*Exercise objective*. Please retype exactly the lines from the one containing "Объем кредитования испанских" through the end of the records, leaving out the pictures.

(Records from a dataset)
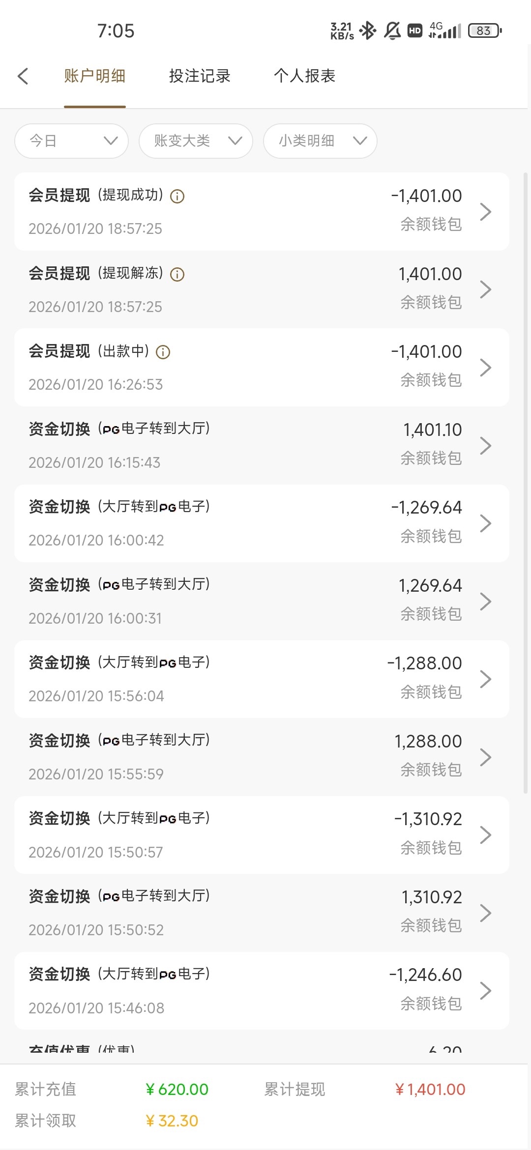 电话特邀领了26,提现需要充盈利同等金额。打到620充了620,提了1400
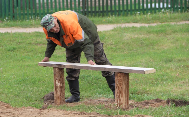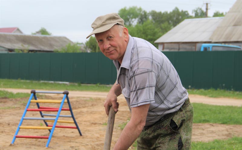 Неделю назад работники Костюковичского жилкоммунхоза на улицу Дружбы Народов привезли песка, поставили детские качели и горки. И вот, казалось бы, на глазах родилась целая игровая площадка для детей. Но как посчитали люди, живущие вблизи нее, этого мало. Так, у инициативных пенсионеров Владимира Сафронова и Степана Миронова созрела идея – собственными руками благоустроить детскую площадку.
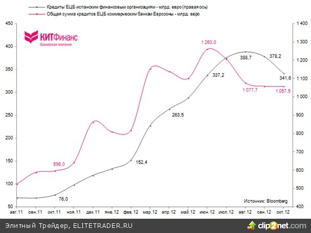 Объем кредитования испанских банков Европейским Центральным Банком в октябре 2012 г. сократился относительно сентября на 36,6 млрд. евро до 341,6 млрд. евро, что составляет около 1/3 от всех выданных ЕЦБ кредитов финансовым организациям Еврозоны в 1,05 трлн. евро.
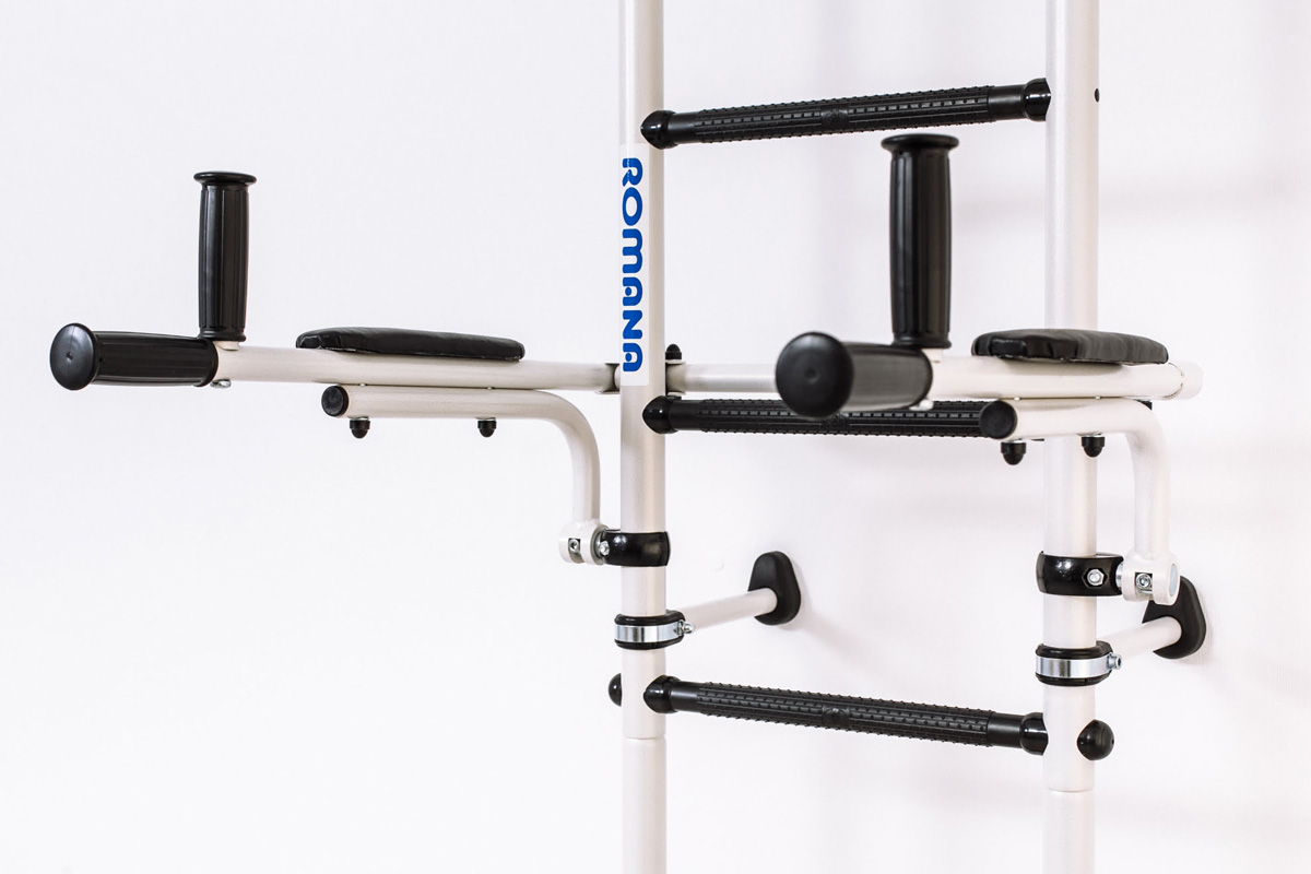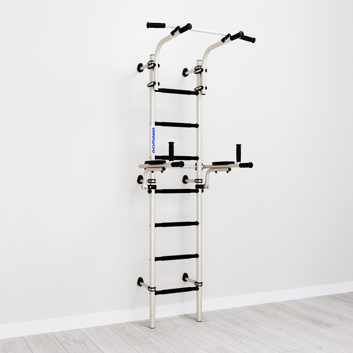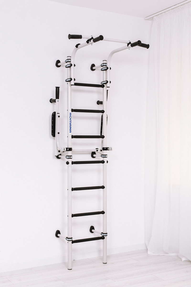 ROMANA S10 - домашний спортивный комплекс для всей семьи, на нем могут заниматься и дети, и взрослые. Он достаточно компактен и не занимает много места: ширина ступеней составляет 410 мм, это самый оптимальный размер для занятий на брусьях, которые идут в комплекте. Брусья откидные, и после занятий их можно перевести в вертикальное положение. Турник можно передвигать по высоте, и закрепить как удобно пользователю с помощью надежных современных хомутов. Спортивный комплекс фиксируется к стене, фиксаторы можно передвигать по вертикали, чтобы избежать попадания в проводку или полости.
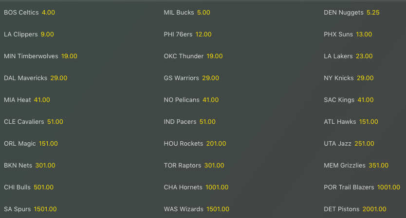 Poche variazioni rispetto alla scorsa settimana nelle quote antepost per la vittoria finale dell’anello NBA 2023-24, col solito trio al comando formato da Boston Celtics, Milwaukee Bucks e Denver Nuggets, ma attenzione che scende la quota degli LA Clippers @9 che continuano a convincere e in una settimana abbassano la quota da 11 in singola cifra.

*Result*.
 Объем кредитования испанских банков Европейским Центральным Банком в октябре 2012 г. сократился относительно сентября на 36,6 млрд. евро до 341,6 млрд. евро, что составляет около 1/3 от всех выданных ЕЦБ кредитов финансовым организациям Еврозоны в 1,05 трлн. евро.
 ROMANA S10 - домашний спортивный комплекс для всей семьи, на нем могут заниматься и дети, и взрослые. Он достаточно компактен и не занимает много места: ширина ступеней составляет 410 мм, это самый оптимальный размер для занятий на брусьях, которые идут в комплекте. Брусья откидные, и после занятий их можно перевести в вертикальное положение. Турник можно передвигать по высоте, и закрепить как удобно пользователю с помощью надежных современных хомутов. Спортивный комплекс фиксируется к стене, фиксаторы можно передвигать по вертикали, чтобы избежать попадания в проводку или полости.
 Poche variazioni rispetto alla scorsa settimana nelle quote antepost per la vittoria finale dell’anello NBA 2023-24, col solito trio al comando formato da Boston Celtics, Milwaukee Bucks e Denver Nuggets, ma attenzione che scende la quota degli LA Clippers @9 che continuano a convincere e in una settimana abbassano la quota da 11 in singola cifra.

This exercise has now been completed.